We follow the National Curriculum and year group timetables show how lessons are planned over a regular week. The existing National Curriculum was published in 1999 - it is currently being reviewed, with changes likely to take place from September 2014.
Where it benefits learning, lessons will be developed around themes and cross-curricular links will be used to enahnce pupils' understanding that, for example, literacy and maths skills are not just for those lessons, but can and should be used at other times too!
Courthouse is also well known for our music, with performances at Christmas and the end of the academic year, but in between the choir, orchestra and recorder groups play on many occasions and to a wide range of audiences.
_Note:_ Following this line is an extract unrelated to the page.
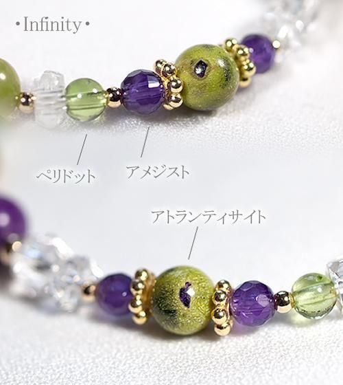 その他透明感の高いペリドット、アメジストと水晶を合わせました。全体的にエキゾチックで神秘的でありながら、透明感のある軽さも感じていただけるデザインブレスレットです。

Each subject area in the Curriculum section includes details of the National Curriculum, as many parents express an interest in this. However, much of it is written for the education profession and the use of 'teacher speak' is common. If parts are difficult to follow, don't hesitate to ask us for further explanation or clarification. Note also that the level descriptions go beyond Primary expectations of levels 3 - 5 up to level 8, which is the target for the end of Key Stage 4. The idea is that parents can get a rough idea of the scope of a subject, as it is taught at Key Stage 2 and maybe engage in more meaningful discussions with their children:
Perhaps the common conversation -
"What did you do at school today?"
Can continue with something along the lines of -
"Aren't you learning how to separate different solids by using a sieve? I've got one here in the kitchen, let's find some things to put through it ... ".